Fractured reservoirs present special challenges for simulation because of the multiple porosity systems or structures that may be present in these types of reservoirs. Various types of dual-porosity formulations have evolved for modeling these types of reservoirs. Some formulations are appropriate for high fracture densities, while other formulations are more appropriate for low fracture densities. Usually fracture density is highly variable between zones of a reservoir or among different reservoirs undergoing simultaneous simulation. Fractured reservoirs are traditionally modeled by representing the porous media using two co-exiting pore volumes interconnected by flow networks. One type of pore system, referred to as matrix and defined with matrix nodes, is characterized by high pore volume and low conductivity. Another type of pore system, referred to as fractures defined with fracture nodes, is characterized by low pore volume and high conductivity.

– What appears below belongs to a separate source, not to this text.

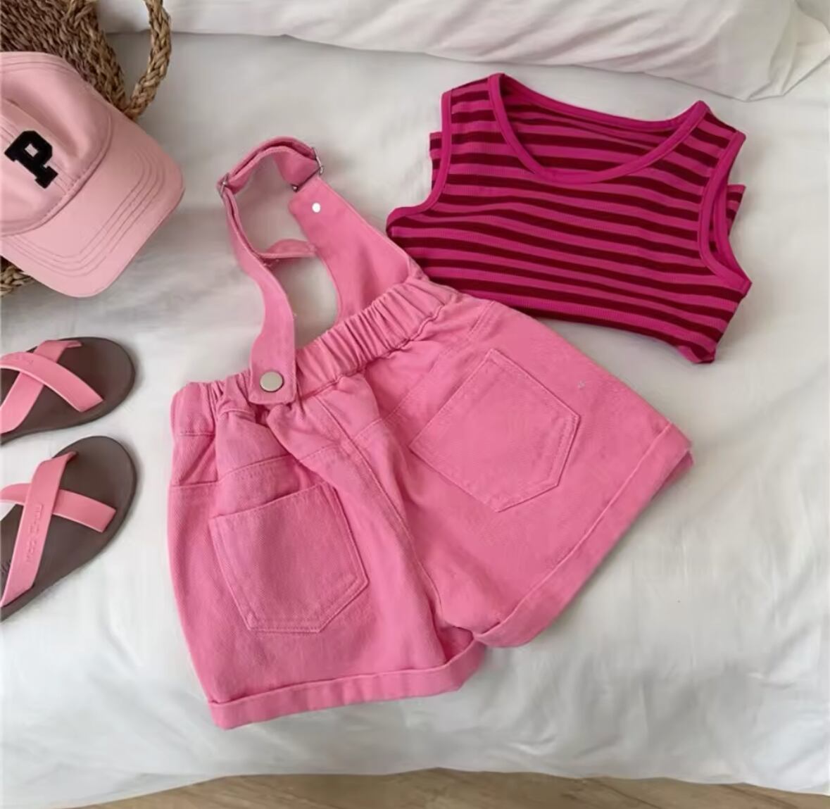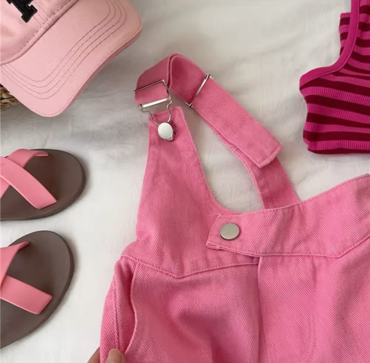 ビビットピンクのオーバーオールなので

Those of ordinary skill in the art will appreciate that “nodes” as used herein refer to an elemental representation of pore volume within a simulated reservoir, while “zones” refer to a collection of all the nodes within a portion of the simulated reservoir. Finally, “grid” or “subgrid” as used herein refers to a subset of the nodes within a zone. Unknowns such as pressures and composition are solved for, on a node by node basis, at desired time increments.

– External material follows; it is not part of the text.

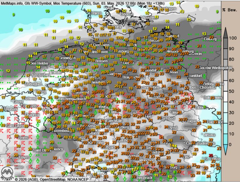 Das Hochdruckgebiet rückt näher an Deutschland heran und legt sein Zentrum über den Kontinent. Die kühle Nordwestströmung flaut ab, wodurch sich die Luftdruckgegensätze abschwächen und die Wetterlage landesweit stabilisiert.

In one common prior art simulated representation of a reservoir, referred to as dual-porosity, single-permeability (“DPSP”), matrix nodes communicate only with fracture nodes. In DPSP, fracture nodes can also communicate with other fracture nodes. In another common simulated prior art representation of a reservoir, referred to as dual-porosity, dual-permeability (“DPDP”), matrix nodes communicate with both fracture nodes and other matrix nodes. Typically, in prior art simulated representations of a reservoir, the simulation characterizes the reservoir as either a DPSP or a DPDP and uses the characterization throughout the simulation process. These prior art techniques essentially treat fracture areas and fracture free areas the same by characterizing the formation as homogenous throughout, and thus, fail to accurately portray a reservoir.
Moreover, in some reservoirs, particularly carbonate reservoirs, a third type of pore system, referred to as “vugs,” are prevalent. Vugs are pore spaces that are typically larger than pore spaces of the matrix. Vugs may or may not be connected to one another. Separate vugs are interconnected only through the interparticle porosity, i.e., the matrix porosity, and are not interconnected to one another as are matrix pore volumes and fracture pore volumes. As such, the fluid retention and transport properties of vug pore volumes are different from those of both the matrix and fractures. Thus, in addition to the drawback of characterizing dual porosity systems as either DPSP or DPDP, typically, dual-porosity formulations used in simulators of the prior art only account directly for fracture porosity and matrix porosity. The influence of vugs on liquid flow through a reservoir is represented indirectly and in a very approximate fashion, if at all.
What is needed is a flexible simulator framework that can more accurately accommodate varying fracture density pore volumes, namely, hybrid dual formulations, while maintaining optimal efficiency.